TO DO:
Beginning at the line with "No, this is" in the records below, return each line up to and including the last, exactly as it stands, but not the pictures.
**** DATA ****
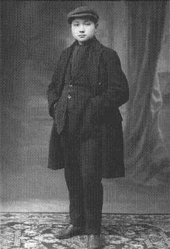 赴法留学生合影。吴玉章(椅上坐者右4),最近排右1为前来送行的毛泽东
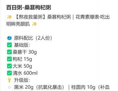 桑葚红枣小米粥是一道营养丰富的粥品,结合了滋阴、补虚、益气血的功效,适合早餐或晚餐食用。以下是两种常见做法供参考:
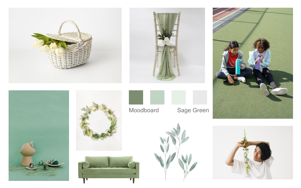 Efter vi havde brainstormet, gik vi igang med at lave et moodboard i Adobe XD (vi brugte Adobe XD til hele projektet. Vi besluttede fra starten af at vi gerne ville bruge en grøn farve som gennemgående tema i appen. Vi valgte at gå efter mere “støvede” og blålige grønne, for ikke at give en følelse af bæredygtighed og/eller miljøvenlighed, da det ikke var vores fokus med appen. Vi valgte også de her farver, fordi de virker rolige og afslappende, hvilket vi gerne ville udtrykke, da appen handler om at finde nye venner og fællesskaber uden nogen romantisk hensigt.
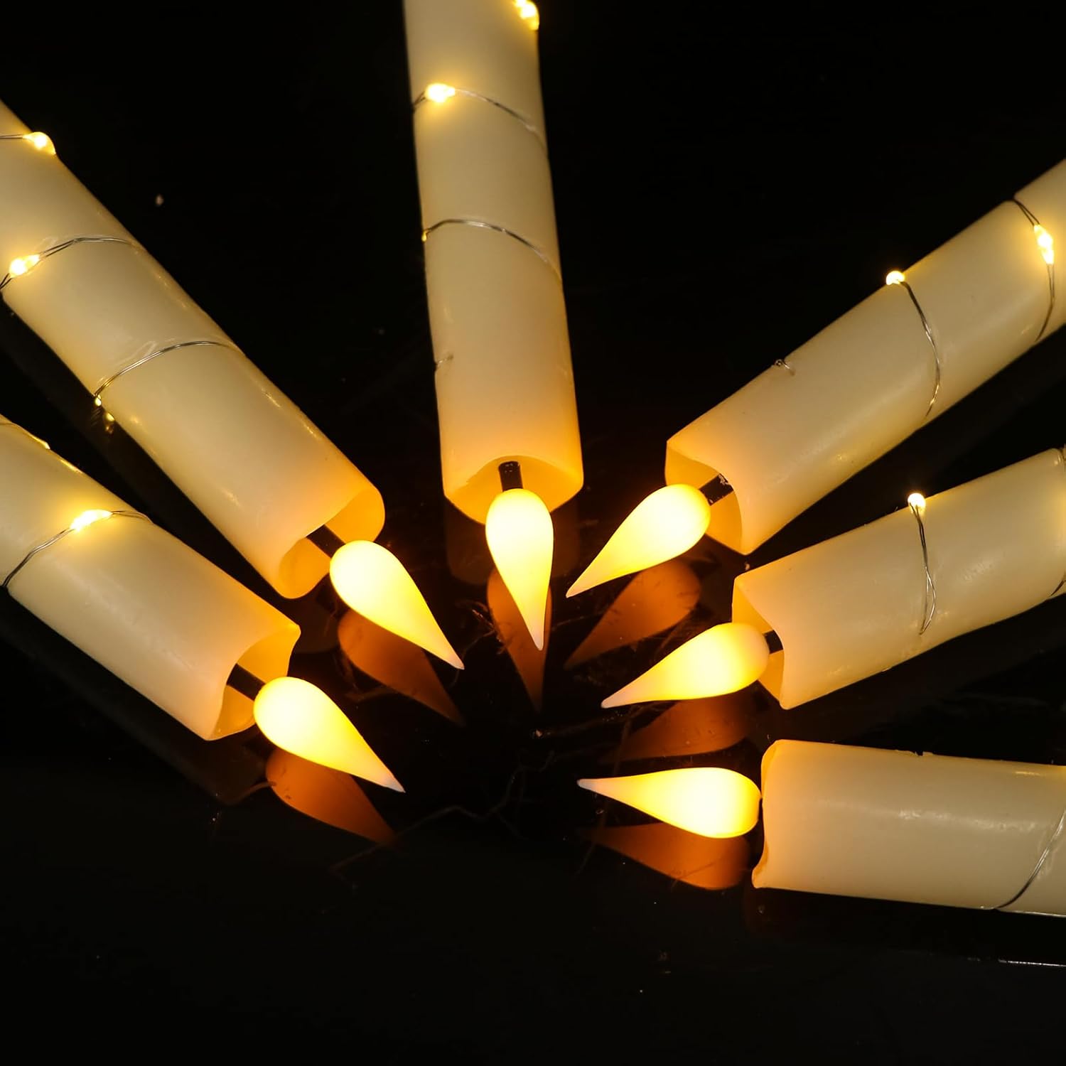 - Package Included: You will receive 6 x ivory flameless taper candles with string lights, 1 x remote timer, and 1 x user manual. Each taper candle is operated by 2AAA battery (not included)
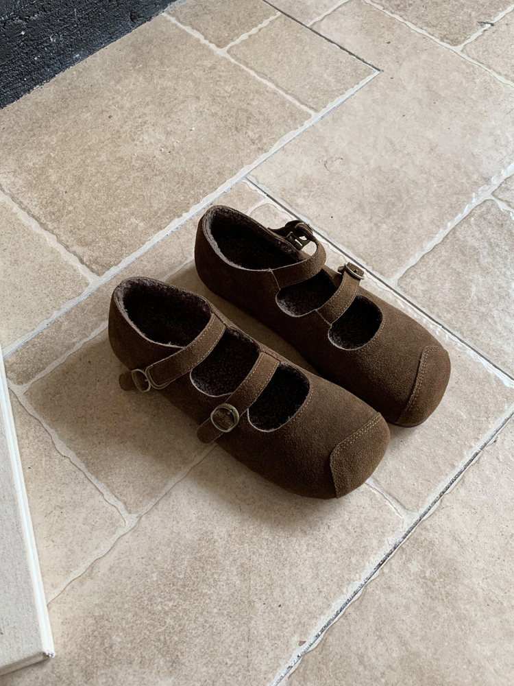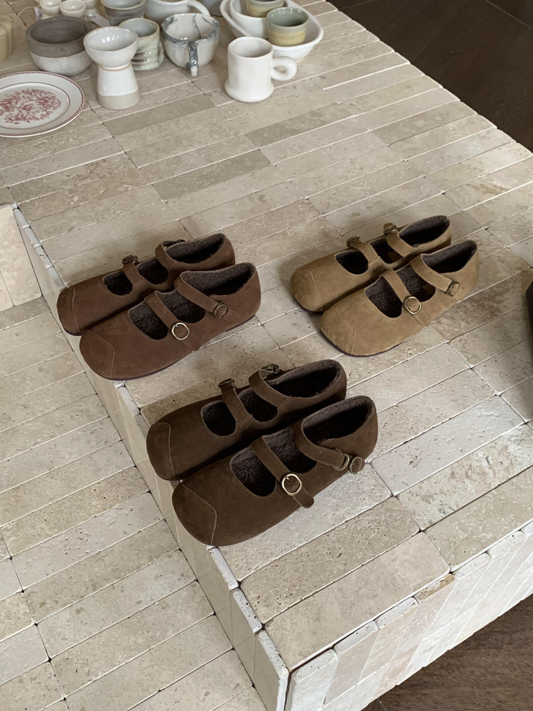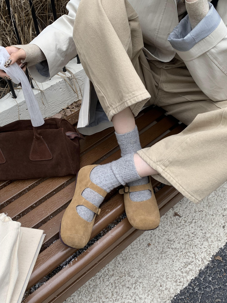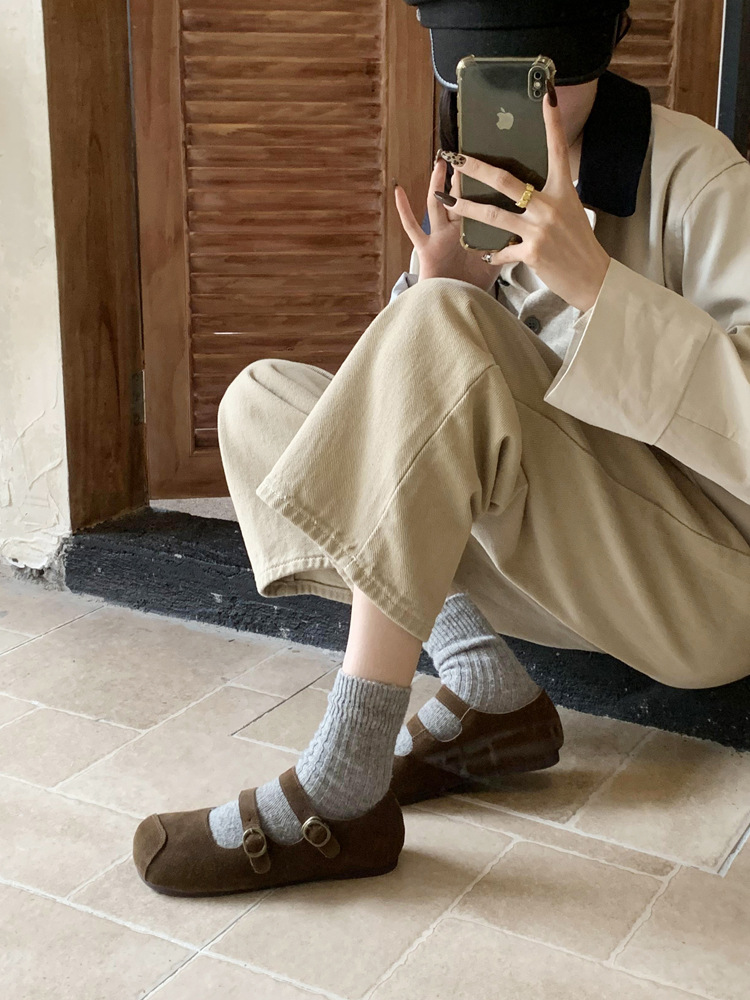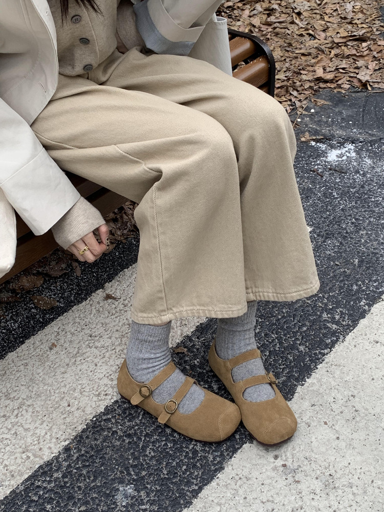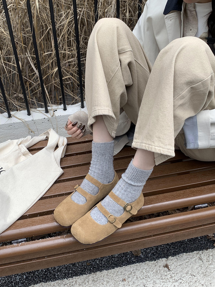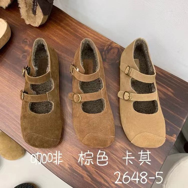 한국식 스퀘어 토 플랫 가죽 신발 레트로 미운 귀여운 2024 새 가을 올매치 우아한 더블 버클 기모 싱글 레이어 신발스토어 가기
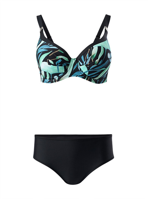 Лиф с формованными чашками на косточках обеспечивает комфортную поддержку и создает эффект округлой груди. Бретели регулируются. Трусы «бикини» со средней линией талии изящно подчеркивают бедра.
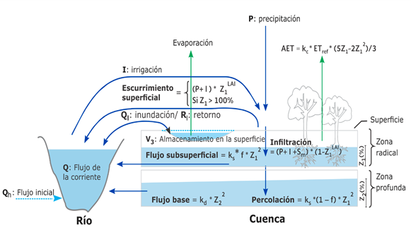 En WEAP, la cuenca puede ser dividida en subcuencas, las cuales, a su vez, pueden ser divididas en N áreas con diferentes cubiertas vegetales j. El balance de agua en la zona radicular y en la zona profunda se calculan por tipo de cobertura con la Ecuación (1) y Ecuación (2), respectivamente (Yates et al., 2005):
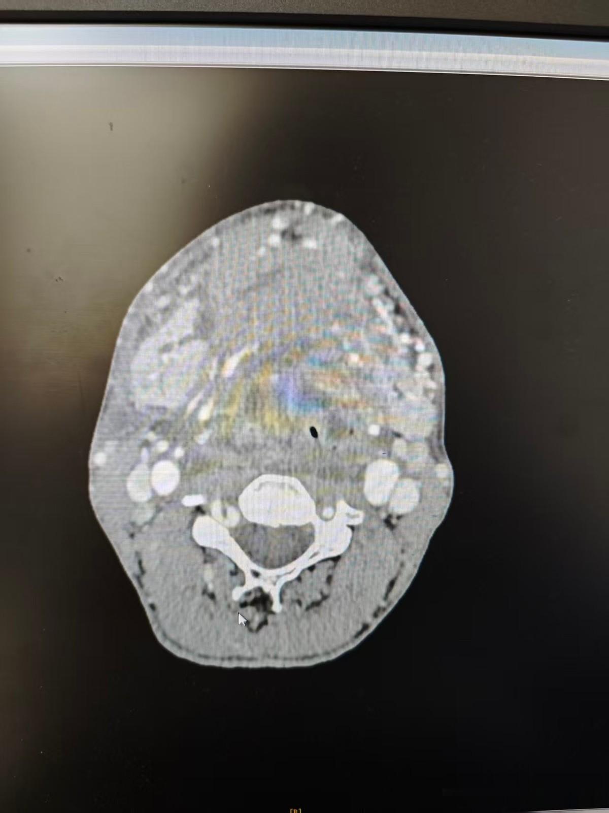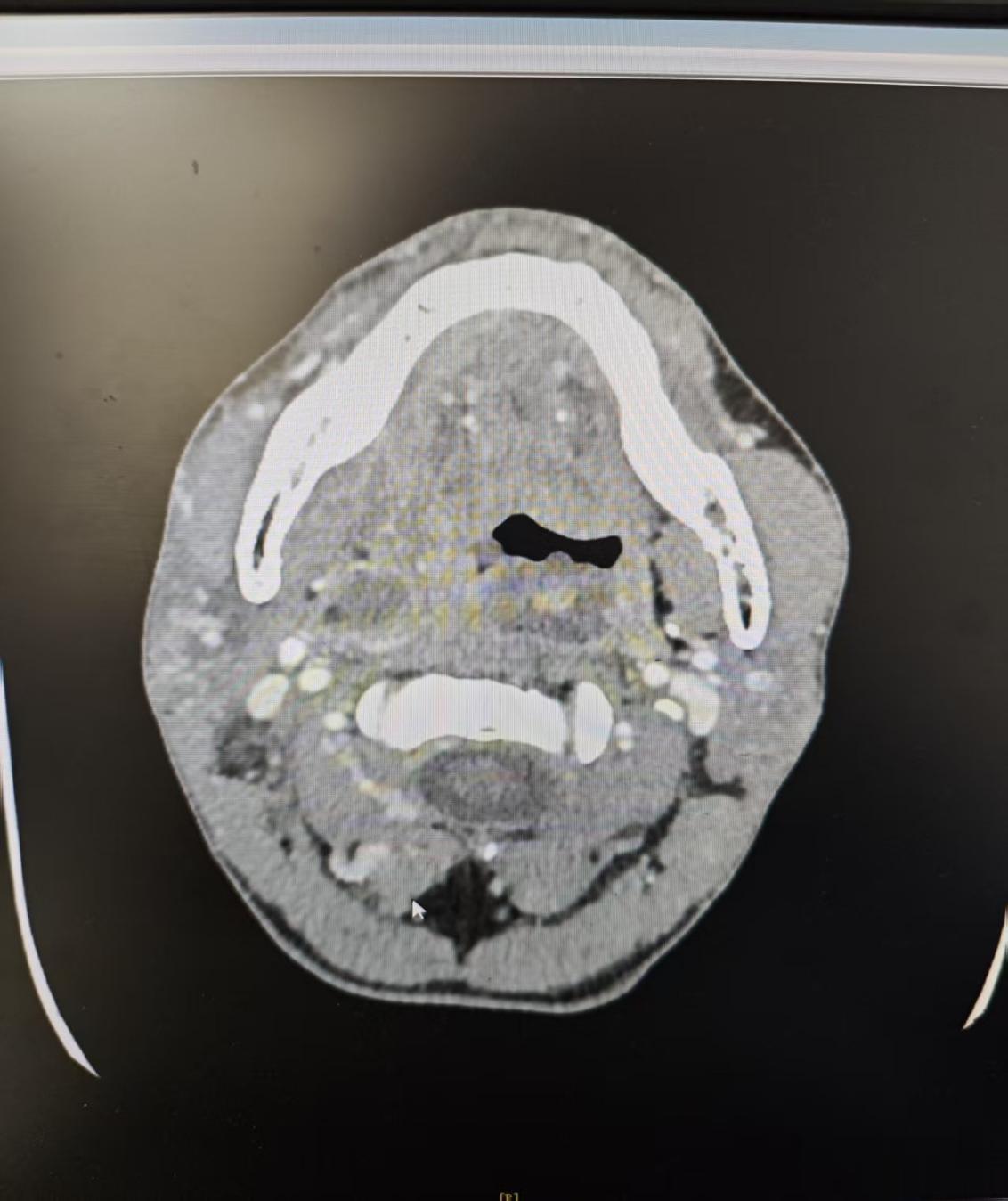 等待CT结果的1个小时,仿佛一个世纪那么漫长。急诊科、我们科室的医生全程守在患者身边,密切监测他的呼吸、心率,随时准备应对突发情况。终于,CT片传到了电脑上,画面让所有人都倒吸一口凉气:患者右侧口底间隙、颌下间隙、咽旁间隙广泛炎症水肿,多处散在脓肿形成,而咽喉最狭窄的会厌平面,已经被肿胀的黏膜堵塞得所剩无几,气道濒临闭塞——这意味着,患者的呼吸随时可能中断,抢救刻不容缓!
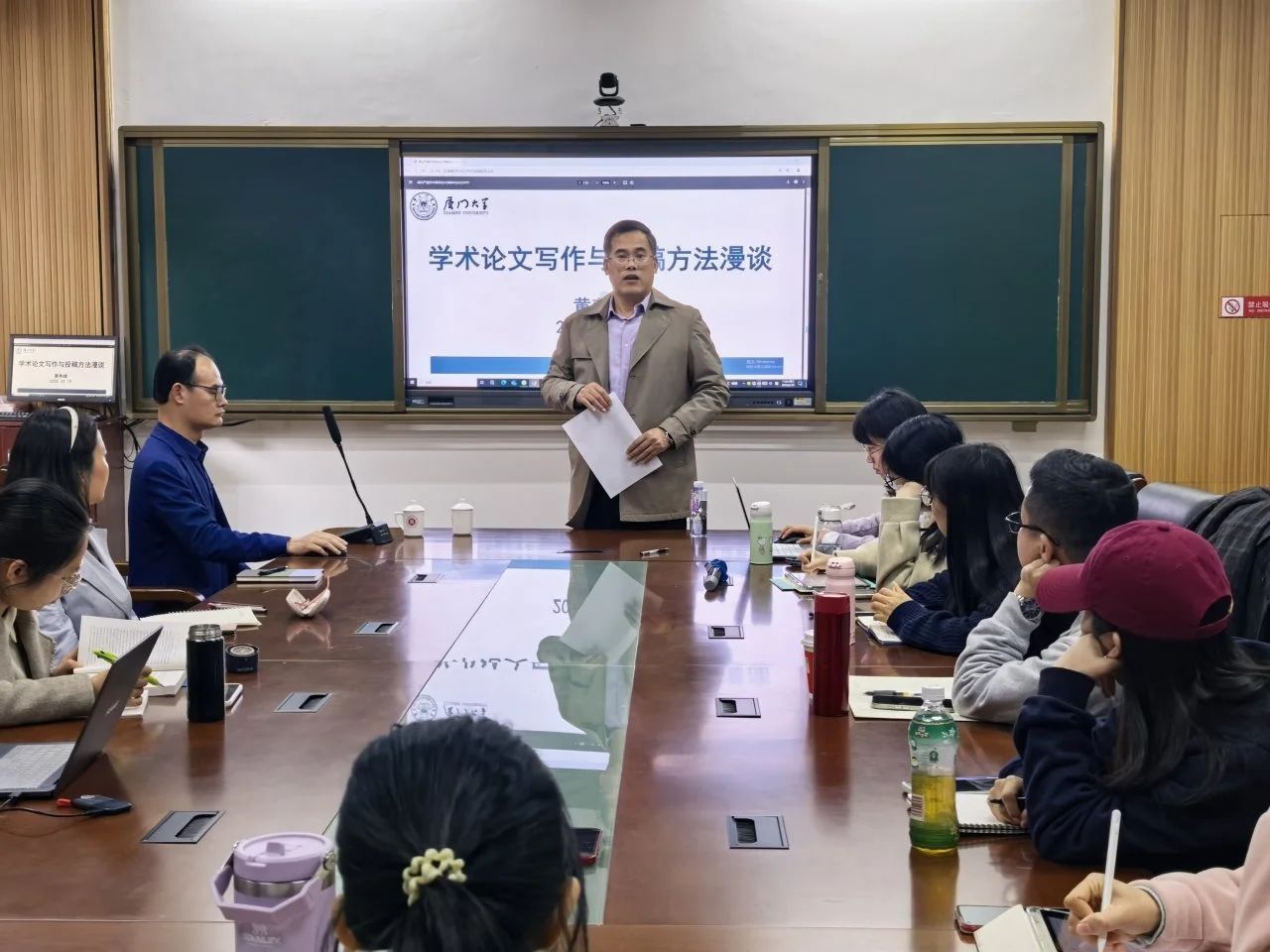 3月19日下午,厦门大学经济公司财政系教授、博士生导师,厦门大学学报(哲学社会科学版)编辑部主任黄寿峰教授应公司邀请,于博东110室作题为“学术论文写作与投稿方法漫谈”的专题学术讲座。pa娱乐游戏经理陈练军教授主持讲座,公司四十余名师生代表到场聆听。
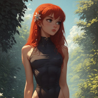 На картинке изображена девушка с рыжими волосами, сидящая на видном камне или выступе в лесистой местности. На ней чёрный облегающий костюм, одна нога слегка вытянута. Выражение лица нейтральное, рядом с ухом – маленький белый цветок. На заднем плане – природный ландшафт, зелень и спокойная атмосфера.
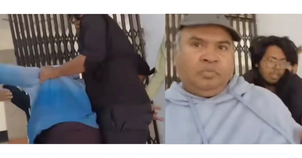 AB Zubair, the Social Welfare Secretary of Ducsu (Dhaka University Central Students’ Union), harrassed Professor AKM Jamal from Dhaka University’s Sociology Department, a known supporter of the pro-Awami League Neel Dal (Blue Party), at the Social Sciences Faculty building.
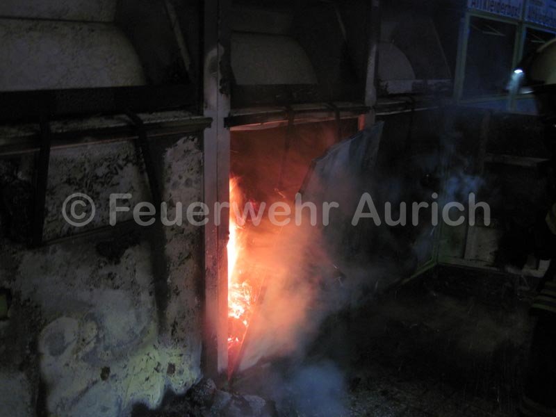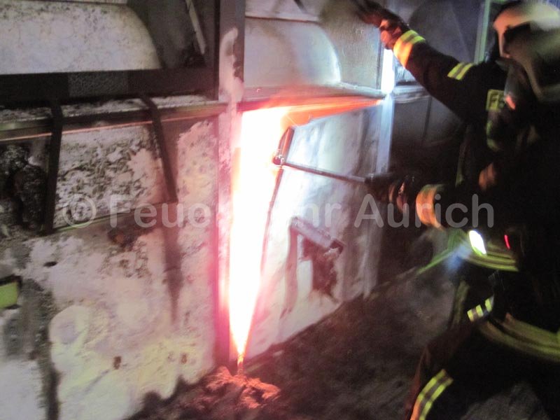 In der Nacht von Freitag auf Samstag wurde die Ortsfeuerwehr Aurich gegen halb 4 zu einem Parkplatz am Pferdemarkt gerufen. Dort brannten mehrere Altkleidercontainer, die auf dem Parkplatz aufgestellt waren. Die brennenden Container wurden mit einem Trennschleifer geöffnet und der Inhalt abgelöscht. Dazu wurden zwei Trupps unter schwerem Atemschutz mit einem Schnellangriff eingesetzt. Nach ca. 80 Minuten waren alle Container geöffnet und abgelöscht.
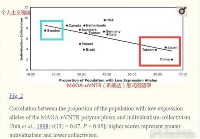 中国男人携带 MAOA 高达基因低表达变异的比例 77%,远高于白人。 30%。这种变异可以阻止体内去甲肾上腺素、多巴胺和血清素的分解,同时也有利于个人在高压环境下的冷静反应,因此被西方研究者称为 " 狂战士基因 "。
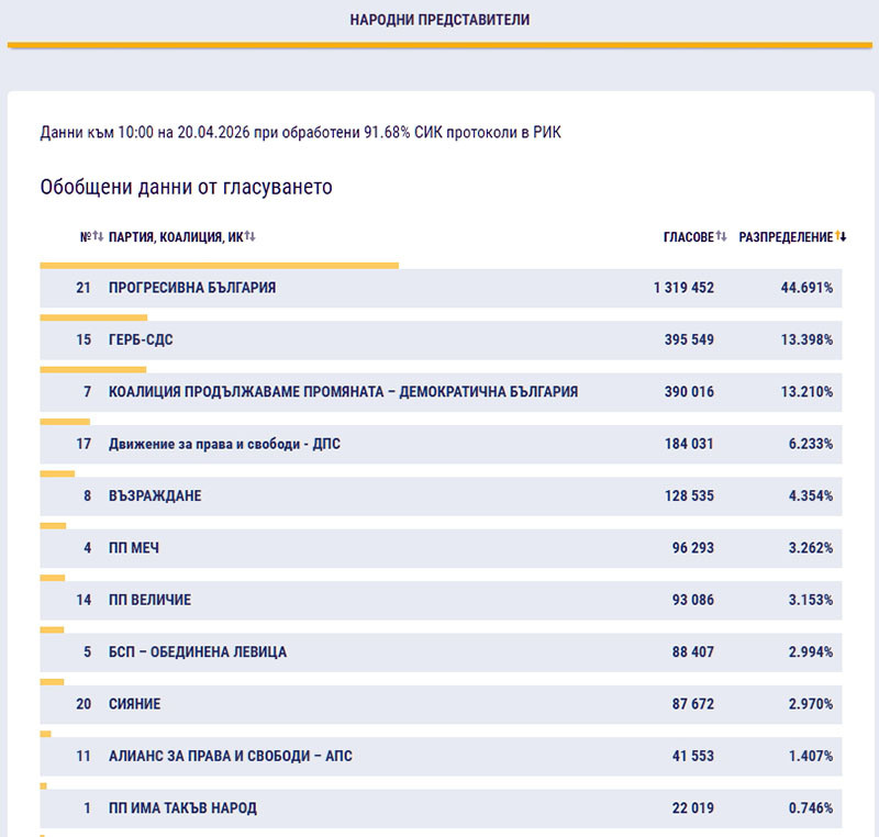 При текущото броене при 91.68% преброяване на резултатите от ЦИК, разпределението на гласовете изглежда по следния начин:
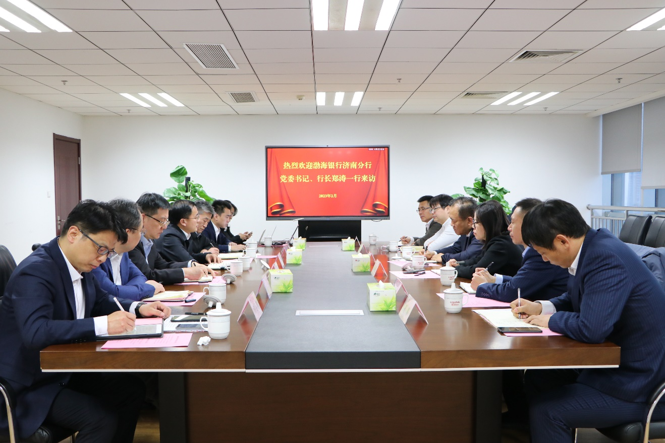 2月15日,渤海银行济南分行党委书记、行长郑涛到访奇异果体育,集团党委副书记、董事、副总经理朱华建热情接待。
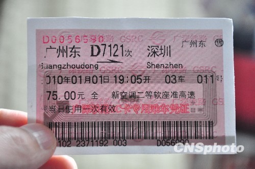 2010年1月22日消息,今年春運鐵路部門在廣鐵集團、成都鐵路局部分車站試行火車票實名制,在深圳工作的孟軍寧成為預訂中國首張實名制火車票的旅客。 中新社發 呂雪良 攝
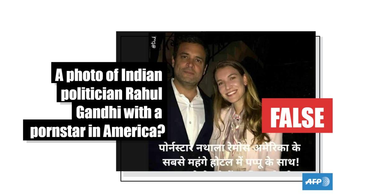 No, this is not a photo of Indian politician Rahul Gandhi meeting a pornstar in the USA
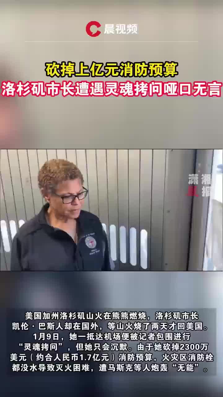 据潇湘晨报,美国加州洛杉矶山火在熊熊燃烧,洛杉矶市长凯伦·巴斯人却在国外,等山火烧了两天才回美国。1月9日,她一抵达机场便被记者包围进行“灵魂拷问”,但她只会沉默。由于她砍掉2300万美元(约合人民币1.7亿元)消防预算,火灾区消防栓都没水导致灭火困难,遭马斯克等人炮轰“无能”。
****
SOLUTION TO THE EXERCISE:
 No, this is not a photo of Indian politician Rahul Gandhi meeting a pornstar in the USA
 据潇湘晨报,美国加州洛杉矶山火在熊熊燃烧,洛杉矶市长凯伦·巴斯人却在国外,等山火烧了两天才回美国。1月9日,她一抵达机场便被记者包围进行“灵魂拷问”,但她只会沉默。由于她砍掉2300万美元(约合人民币1.7亿元)消防预算,火灾区消防栓都没水导致灭火困难,遭马斯克等人炮轰“无能”。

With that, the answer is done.